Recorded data
___
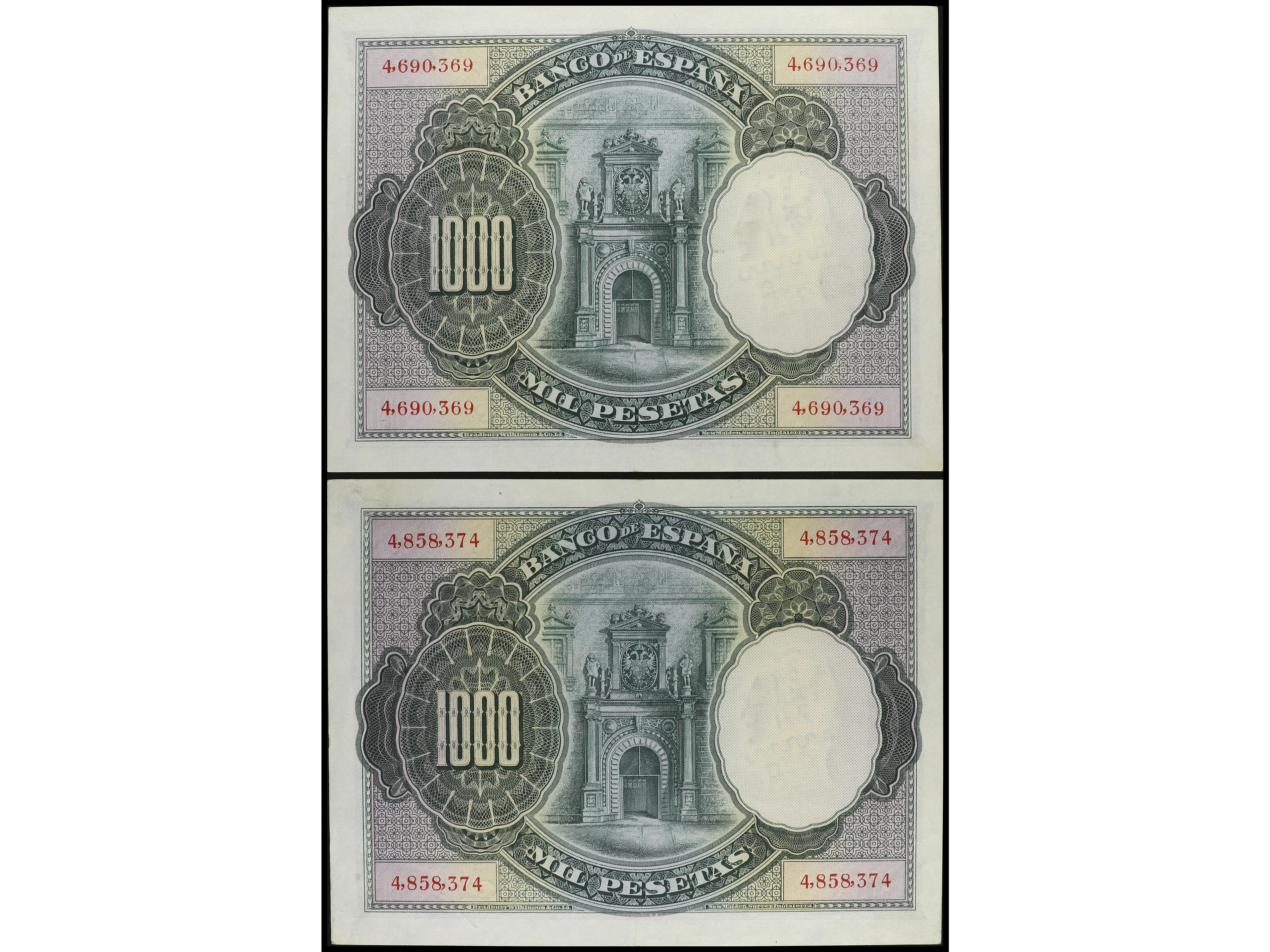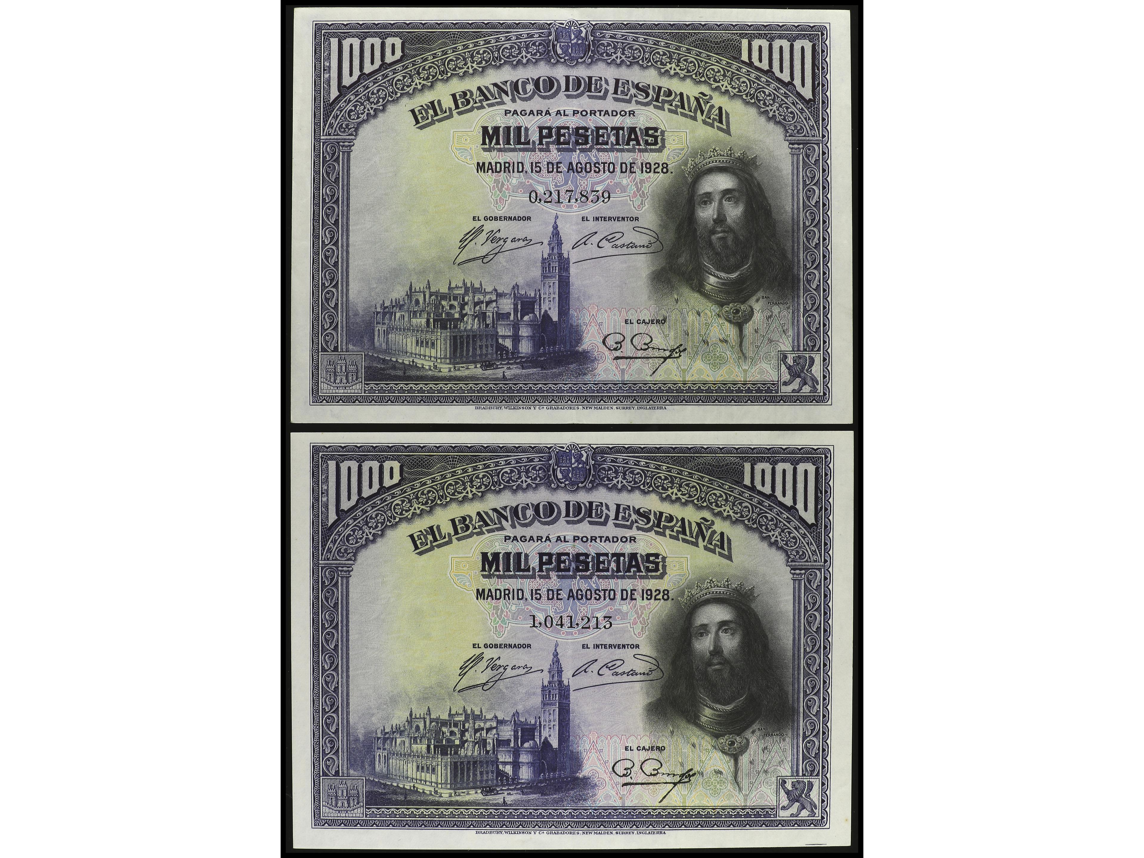 Lote 2 billetes 1.000 Pesetas. 15 Agosto 1928. San Fernando. Ed-357. MBC+. (Image1) (Image2)
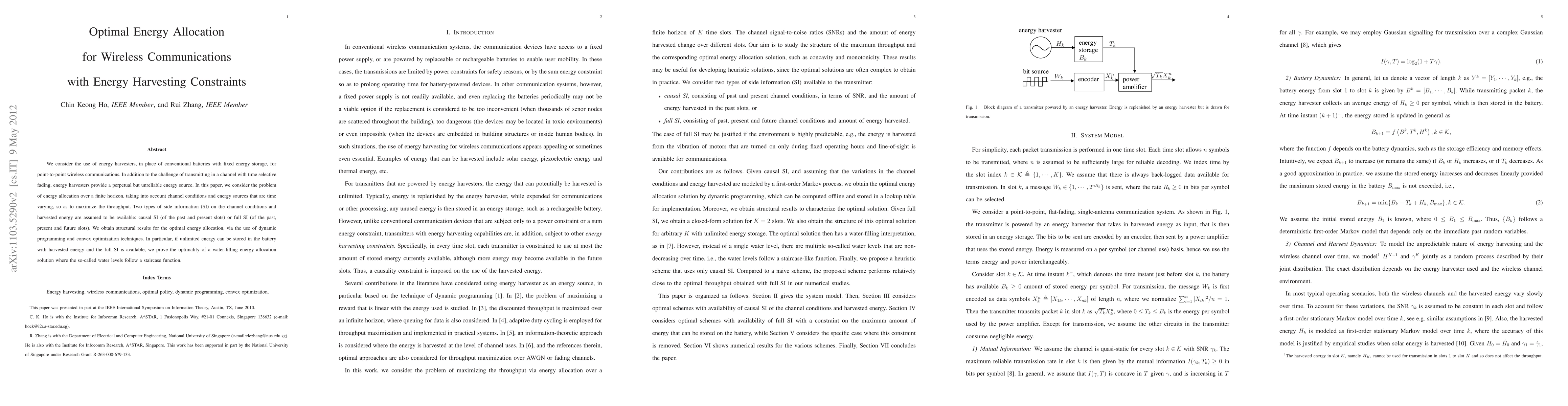 Researchers developed a method to optimize energy allocation for wireless communications with intermittent energy sources, maximizing throughput while considering channel conditions and available side information. The solution involves a water-filling energy allocation strategy that adapts to changing channel conditions.
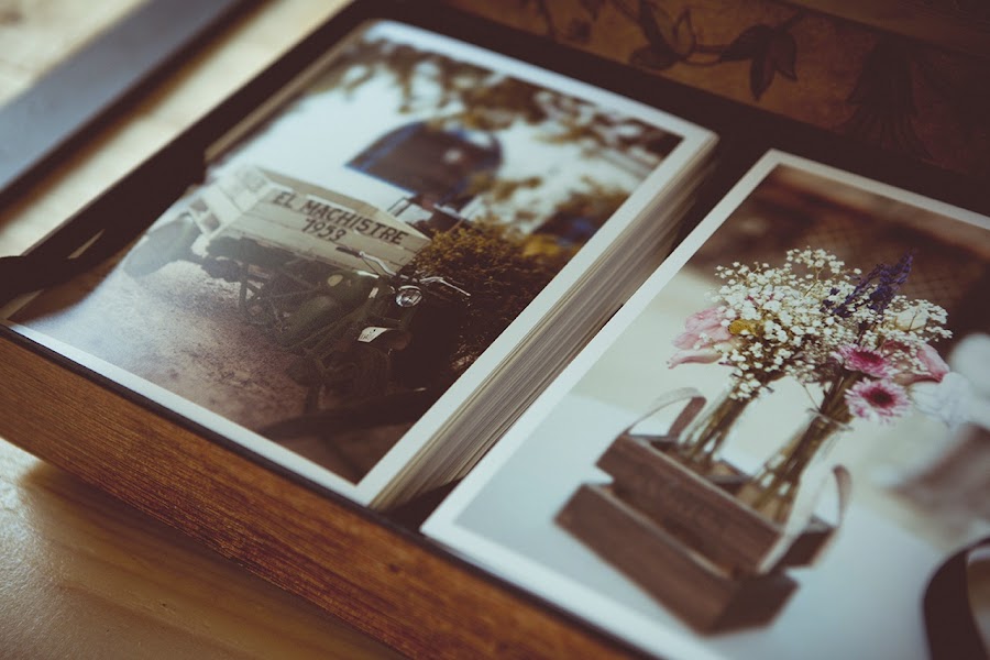A mi me dio un vuelco el corazón, la sensación que me vino fue de amor, mucho amor, el que para mi representan esos momentos y el que Tania puso para realizarla. No aguanté mucho sin sacar las fotos y empezar a verlas y volvió a mi otro de los recuerdos que hacia años que no tenía. ¡La sensación de tocar una foto es maravillosa! La era digital mola, pero se ha cargado esos momentos de tocar las fotos y pasárnoslas unos a otros para ir viéndolas. Y ahí es cuando yo lloro, mucho, mientras veía las fotos de nuestra boda mi cabeza me llevó a cuando era una niña, abría una caja metálica de galletas que tenía mi abuela, me sentaba en el suelo y disfrutaba viendo sus fotos mezcladas, las de su boda, de mi madre y mis tías cuando eran pequeñas, de las bodas de ellas... Yo siempre le decía que yo también tendría una caja como ella para que mis nietos pudiesen hacer lo mismo. Con los años ya me había olvidado de todo eso y al abrirla volvieron a mi esos dulces recuerdos, he cumplido un sueño, tener mi caja de fotos para que mis nietos hagan como yo, tocarlas y desordenarlas tantas veces como quieran sin miedo a que les pase nada, porque estarán para eso.
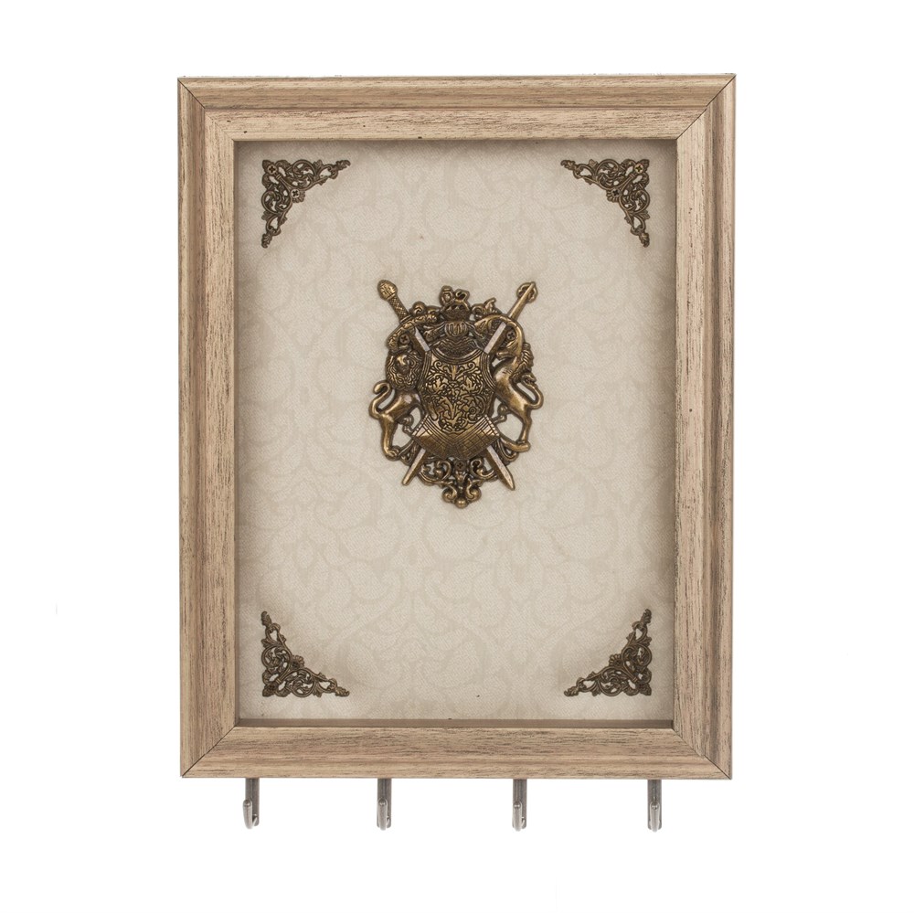Ключница открытого типа с четырьмя крючками, изготовлена из пластика. Цвет бежевый с металлическим декором в виде герба и ажурных угловых элементов. Крепится на стену с помощью двух металлических петелек.
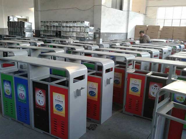 欣方圳鋼制戶外四分類垃圾桶!
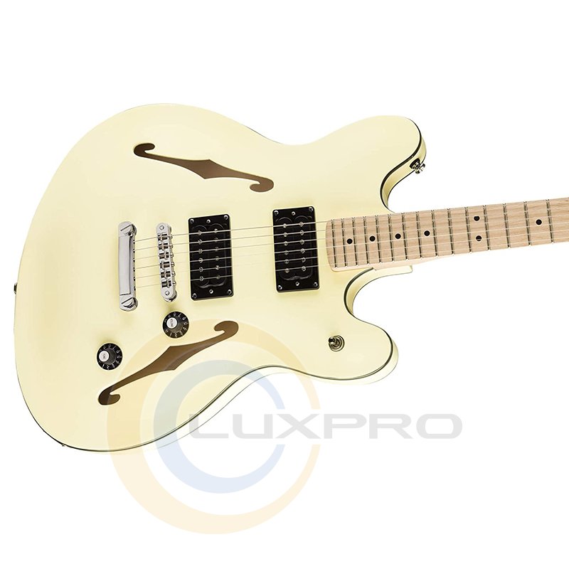 Когда Starcaster впервые выпустили в 70-х, он разрушил привычное представление о дизайне полуакустических гитар с помощью офсетной деки, предложив универсальное звучание и поразительный стиль для наиболее авантюрных гитаристов. SQUIER by FENDER Affinity Series Starcaster Maple Fingerboard Olympic White создает объемное звучание, благодаря двум звукоснимателям Squier humbucking, а из-за тонкого и удобного С-образного грифа, на инструменте очень легко играть.
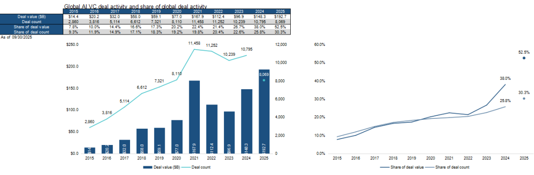 这一幕也预示着,2025 年有望成为首个 VC 资金半数以上流向 AI 行业的年份。
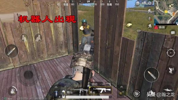 第一步:我找了一辆三轮摩托车,然后找到一个废弃的木厕所。对了,海岛中有两种厕所,上图所示是木厕所,还有一种是石头厕所。我进到废弃的木厕所里面,然后用三轮车堵住厕所的门,之后“哒哒哒”打三轮摩托车打的冒烟。这时候万事俱备只欠东风,这股东风就是上图所示的机器人。只要我在游戏中静止的时间超过20秒钟,机器人一定会出现,戴着绿头盔的机器人看到我就像看到仇人一样,火力全开疯狂输出。
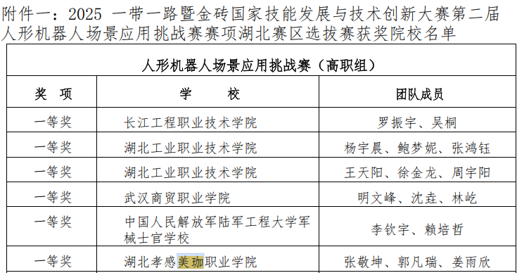 在近日落幕的2025“一带一路”暨金砖国家技能发展与技术创新大赛第二届人形机器人场景应用挑战赛湖北赛区选拔赛中,智能制造学院代表队表现卓越,凭借扎实的技术功底、创新的应用思维和稳定的临场发挥,从众多参赛队伍中脱颖而出,共荣获省级一等奖1项、省级二等奖7项、省级三等奖1项的优异成绩。尤为可喜的是,荣获省级一等奖的团队已成功斩获进军全国总决赛的资格,将代表湖北省与全国顶尖院校同台竞技!
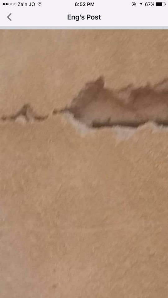 وثقت الكاتبة عروب الخوالدة عبر صفحتها في موقع فيسبوك، صورا تظهر تشققات في جدران بمشروع سكن كريم لعيش كريم في منطقة سحاب.
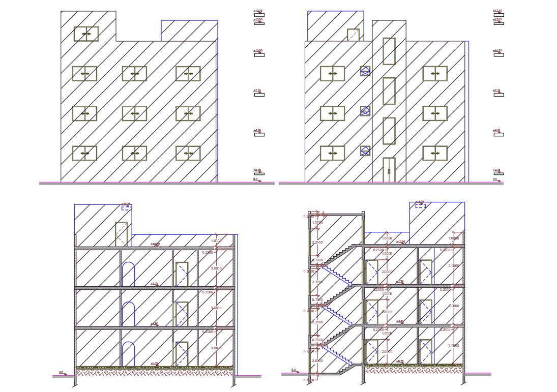 this is 4 BHK apartment house building section and elevation design includes door and window marking with dimension detail. also has a standard staircase and RCC slab design DWG file.
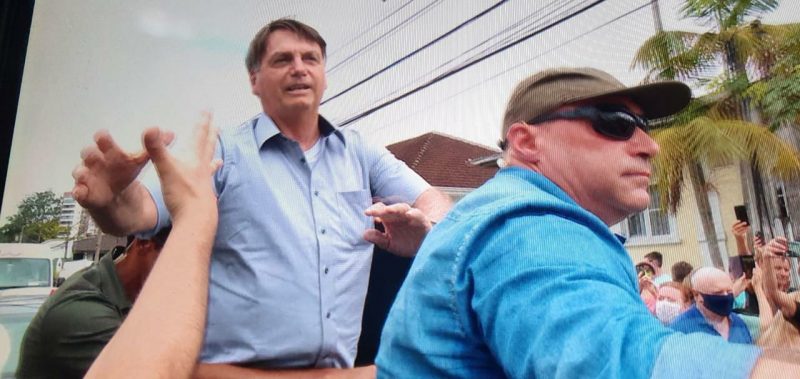 Sem máscara, Bolsonaro foi recepcionado por várias pessoas ao chegar a Joinville – Foto: Alphonsus Stofelli/NDTV
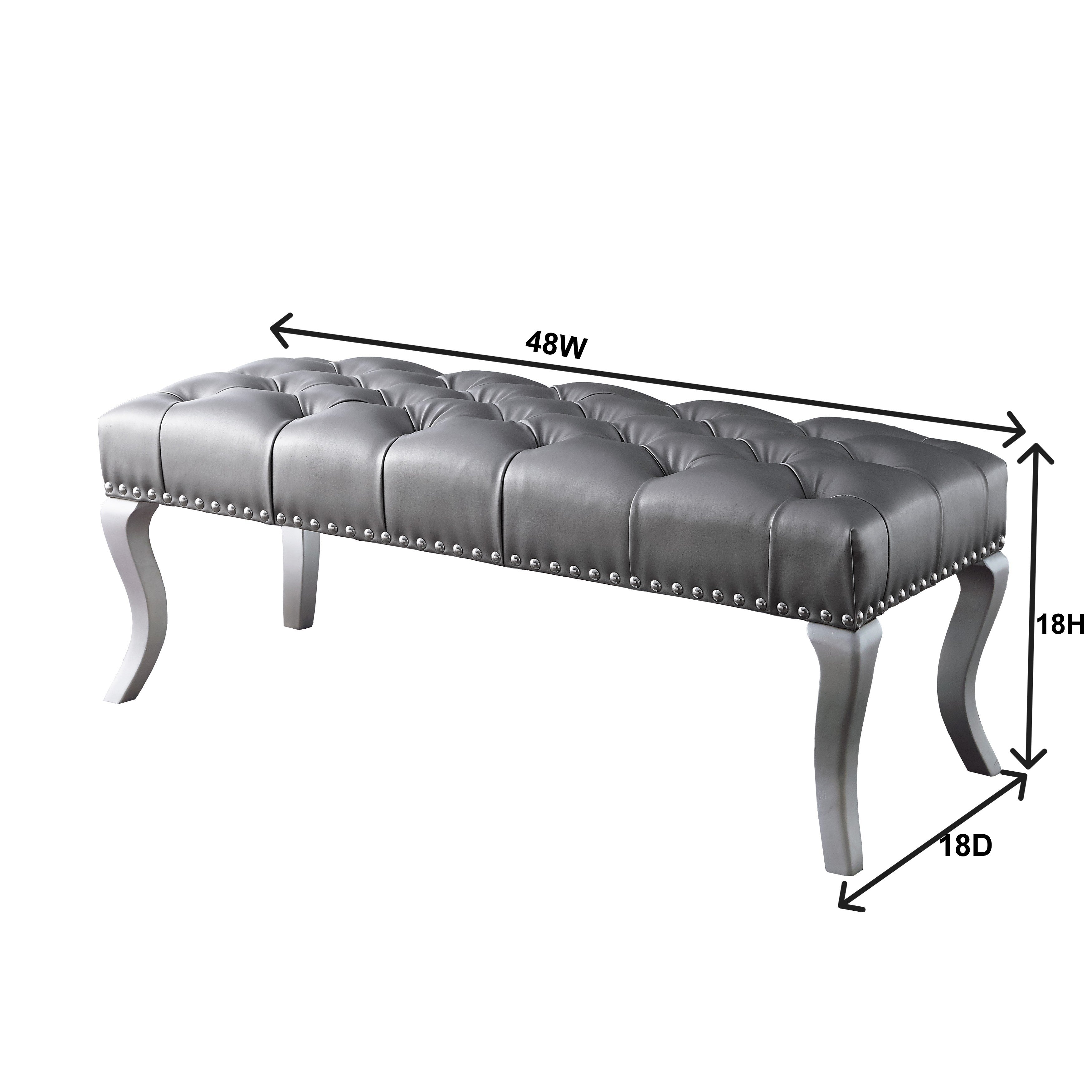 Soft gray velvet bench with faux crystal tufting, nailhead trim, and champagne-finished curved wood legs. A touch of modern luxury for any room. Dimensions: 48"W x 18"L x 18"H. Assembly required.
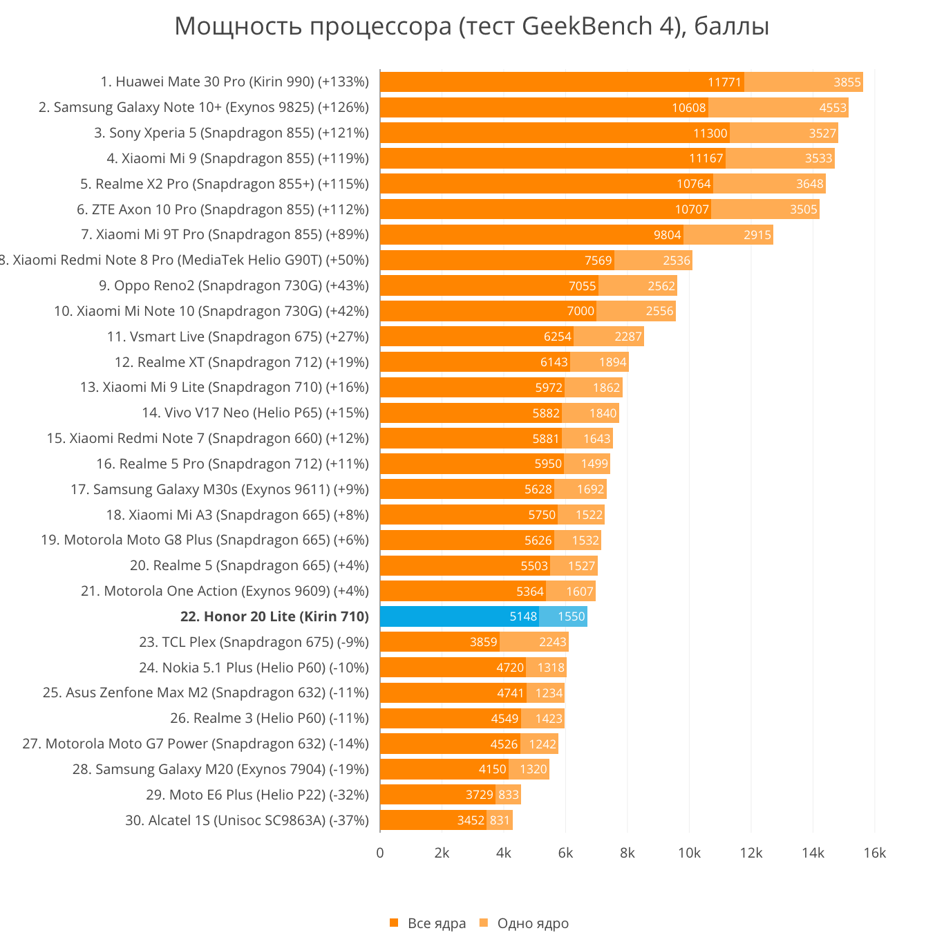 | 11 | Huawei Honor 20 Lite | Kirin 710 | 4 Gb + 128 Gb | 138500 |
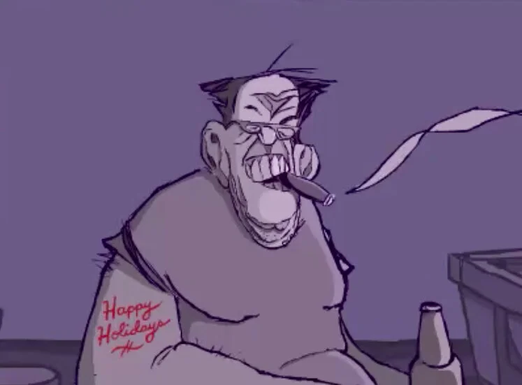 The kids are too old now to make animated holiday cards. Trouser was game to help but the clicking to add frames on the animation software kept making him bark. So the card (below) is really brief. To play it, click on the arrow.
___
**EXERCISE DIRECTIONS**. Render the records above word for word and leave the pictures out.

**ANSWER FOR THE TASK**.
 Lote 2 billetes 1.000 Pesetas. 15 Agosto 1928. San Fernando. Ed-357. MBC+. (Image1) (Image2)
 Researchers developed a method to optimize energy allocation for wireless communications with intermittent energy sources, maximizing throughput while considering channel conditions and available side information. The solution involves a water-filling energy allocation strategy that adapts to changing channel conditions.
A mi me dio un vuelco el corazón, la sensación que me vino fue de amor, mucho amor, el que para mi representan esos momentos y el que Tania puso para realizarla. No aguanté mucho sin sacar las fotos y empezar a verlas y volvió a mi otro de los recuerdos que hacia años que no tenía. ¡La sensación de tocar una foto es maravillosa! La era digital mola, pero se ha cargado esos momentos de tocar las fotos y pasárnoslas unos a otros para ir viéndolas. Y ahí es cuando yo lloro, mucho, mientras veía las fotos de nuestra boda mi cabeza me llevó a cuando era una niña, abría una caja metálica de galletas que tenía mi abuela, me sentaba en el suelo y disfrutaba viendo sus fotos mezcladas, las de su boda, de mi madre y mis tías cuando eran pequeñas, de las bodas de ellas... Yo siempre le decía que yo también tendría una caja como ella para que mis nietos pudiesen hacer lo mismo. Con los años ya me había olvidado de todo eso y al abrirla volvieron a mi esos dulces recuerdos, he cumplido un sueño, tener mi caja de fotos para que mis nietos hagan como yo, tocarlas y desordenarlas tantas veces como quieran sin miedo a que les pase nada, porque estarán para eso.
Ключница открытого типа с четырьмя крючками, изготовлена из пластика. Цвет бежевый с металлическим декором в виде герба и ажурных угловых элементов. Крепится на стену с помощью двух металлических петелек.
 欣方圳鋼制戶外四分類垃圾桶!
 Когда Starcaster впервые выпустили в 70-х, он разрушил привычное представление о дизайне полуакустических гитар с помощью офсетной деки, предложив универсальное звучание и поразительный стиль для наиболее авантюрных гитаристов. SQUIER by FENDER Affinity Series Starcaster Maple Fingerboard Olympic White создает объемное звучание, благодаря двум звукоснимателям Squier humbucking, а из-за тонкого и удобного С-образного грифа, на инструменте очень легко играть.
 这一幕也预示着,2025 年有望成为首个 VC 资金半数以上流向 AI 行业的年份。
 第一步:我找了一辆三轮摩托车,然后找到一个废弃的木厕所。对了,海岛中有两种厕所,上图所示是木厕所,还有一种是石头厕所。我进到废弃的木厕所里面,然后用三轮车堵住厕所的门,之后“哒哒哒”打三轮摩托车打的冒烟。这时候万事俱备只欠东风,这股东风就是上图所示的机器人。只要我在游戏中静止的时间超过20秒钟,机器人一定会出现,戴着绿头盔的机器人看到我就像看到仇人一样,火力全开疯狂输出。
 在近日落幕的2025“一带一路”暨金砖国家技能发展与技术创新大赛第二届人形机器人场景应用挑战赛湖北赛区选拔赛中,智能制造学院代表队表现卓越,凭借扎实的技术功底、创新的应用思维和稳定的临场发挥,从众多参赛队伍中脱颖而出,共荣获省级一等奖1项、省级二等奖7项、省级三等奖1项的优异成绩。尤为可喜的是,荣获省级一等奖的团队已成功斩获进军全国总决赛的资格,将代表湖北省与全国顶尖院校同台竞技!
 وثقت الكاتبة عروب الخوالدة عبر صفحتها في موقع فيسبوك، صورا تظهر تشققات في جدران بمشروع سكن كريم لعيش كريم في منطقة سحاب.
 this is 4 BHK apartment house building section and elevation design includes door and window marking with dimension detail. also has a standard staircase and RCC slab design DWG file.
 Sem máscara, Bolsonaro foi recepcionado por várias pessoas ao chegar a Joinville – Foto: Alphonsus Stofelli/NDTV
 Soft gray velvet bench with faux crystal tufting, nailhead trim, and champagne-finished curved wood legs. A touch of modern luxury for any room. Dimensions: 48"W x 18"L x 18"H. Assembly required.
 | 11 | Huawei Honor 20 Lite | Kirin 710 | 4 Gb + 128 Gb | 138500 |
 The kids are too old now to make animated holiday cards. Trouser was game to help but the clicking to add frames on the animation software kept making him bark. So the card (below) is really brief. To play it, click on the arrow.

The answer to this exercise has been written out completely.